From Hal Childs’ The Myth of History and the Evolution of Consciousness I addressed in my previous post:
Everything we know about Jesus is at least second- and third-hand. There is no way to confirm that material from multiple, independent witnesses actually goes back to Jesus. The scholar can only assume or hope it does — it is a question of probability but not necessity. But how reliable is the probability? There are no reliable epistemological procedures by which to determine this either. It remains a matter of personal preference. (p. 35)
And the following is from page 501 of “Jesus, Historians, and the Psychology of Historiography: A Response to My Respondents” by Hal Childs, Pastoral Psychology, Vol. 51, No. 6, July 2003. There was a special issue of Pastoral Psychology devoted to Hal Childs’ book.
Yet we only need to look at Saint Paul to realize the historic Jesus is not required by, nor necessary for, Christianity. Paul was transformed by his encounter with a Christ, and his own work with his encounter, in turn, transformed a Christ image that also became a cultural phenomenon. But Paul never knew the historic Jesus and it didn’t seem to matter in the least. Whenever Paul needed authorization for his views and experience he went directly to divine revelation.

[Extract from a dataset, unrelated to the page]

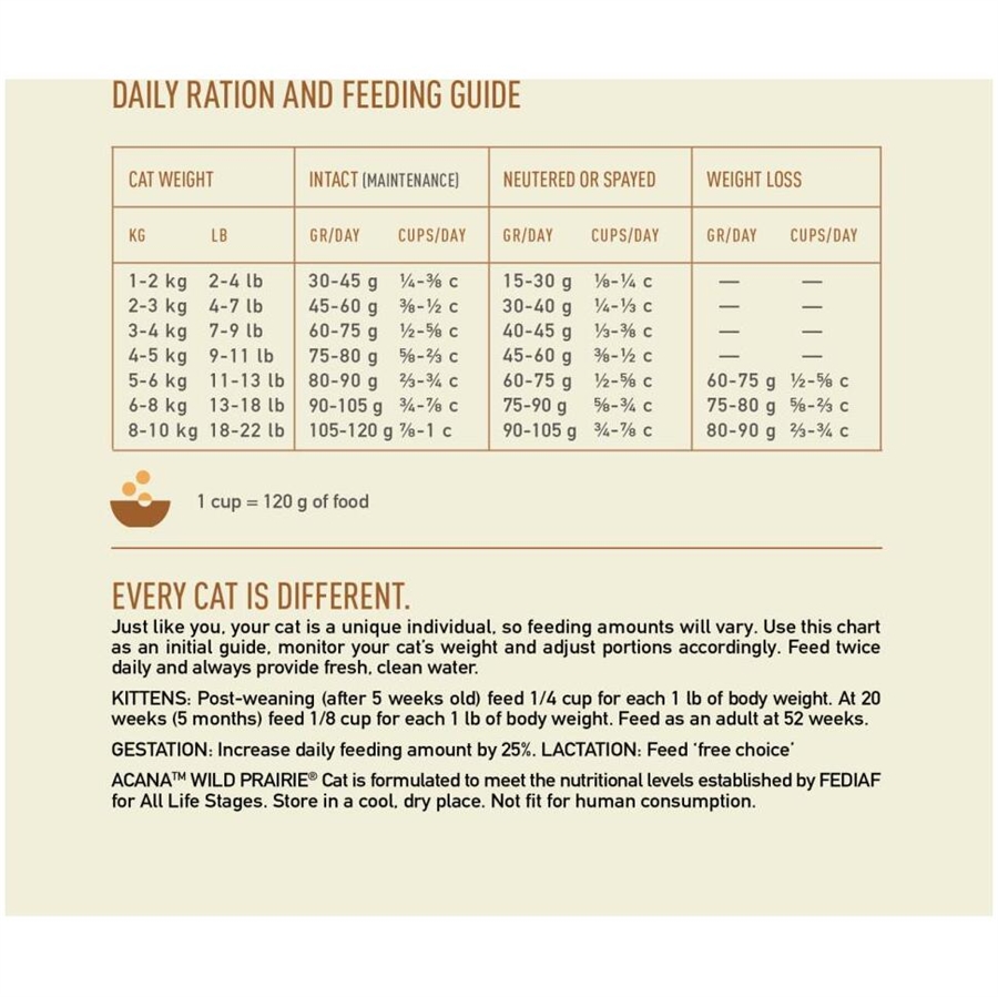 Fersk kylling (11 %), rå kalkun (10 %), fersk kyllingeindmad (lever, hjerte) (9 %), kyllingemel (9 %), kalkunmel (8 %), sildemel (8 %), hele pintobønner, hele ærter, kyllingefedt (5 %), hele røde linser, hele kikærter, hele grønne linser, friske æg (4 %), rå ferskvandssøfisk* (4 %), rå ørred (4 %), rå kalkunlever (2 %), linsefibre, fiskeolie (1 %), tørret kelp, friske hele græskar, friske hele butternutsquash, friske hele gulerødder, friske hele æbler, friske hele pærer, friske hele zucchini, tørret cikorierod, frisk grønkål, frisk spinat, friske majroer, friske rødbeder, hele tranebær, hele blåbær, hele saskatoonbær, gurkemejerod, marietidsel, burrerod, lavendel, althearod, hybenroser. *Varieret blanding af rå tullibee, hvidfisk, gedde og multe.

Childs is not a mythicist and the statement he makes is not an argument “for mythicism”. Rather, Childs is asking us to widen our understanding of all that the question of Christian origins involves.
Again, notice that Childs is not questioning the historicity of Jesus. That is not an issue. (He elsewhere writes on the assumption that there was a real Jesus.)
He is arguing that modern historians (and theologians) are guided more by contemporary ideas and interests in bringing their assumptions that that Jesus can somehow be located in and “reconstructed” from the texts we have than they are by any truly “objective” approach brought to the evidence itself.